Red Sox fans won’t miss using an “opener”
Chaim Bloom found success building a pitching staff that relied on the opener strategy during his tenure with the Tampa Bay Rays but the plan backfired in Boston.
The Rays had the personal to make it work with a deep bullpen loaded with versatile arms. The Red Sox were forced into the unorthodox strategy out of necessity when they struggled to patch together a full five-man rotation. To the surprise of no one, bullpen games don’t work well when you have one of the worst groups of relief pitchers in the league.
Boston led the majors with 278 innings pitched by relievers. Their collective 5.79 ERA and -0.6 fWAR both ranked fourth-worst in the majors.
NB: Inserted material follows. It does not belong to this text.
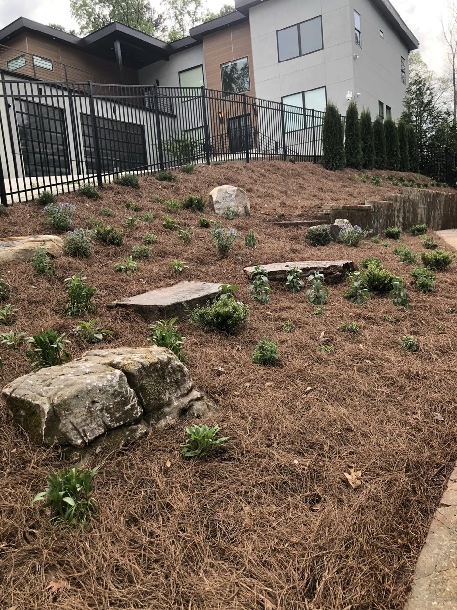 The existing hillside was challenging to maintain, unsightly, and affected the overall look and functionality of the property. The homeowners sought a low-maintenance landscaping solution that would improve drainage, enhance the property’s appearance, and provide seasonal interest throughout the year.

Relying heavily on an under-performing core of relievers is a recipe for disaster but that shouldn’t be as problematic next year. Eduardo Rodriguez should be back to lead the rotation on Opening Day and Chris Sale is expected to join him at some point in the first half. The late-season emergence of Tanner Houck and Nick Pivetta provide optimism that the Red Sox will have some reliable options at the back end of the rotation. Boston is also searching the free-agent and trade markets for a starter.
The Red Sox aim to build sufficient depth for their rotation so that they won’t need to use an opener. Reducing the workload of the bullpen means the top relievers won’t struggle from being overworked and the fringe pitchers clinging to a roster spot won’t be tested early and often.
Utilizing an opener is a strategy that we’ll see other teams toy with but this Red Sox roster clearly isn’t built for it.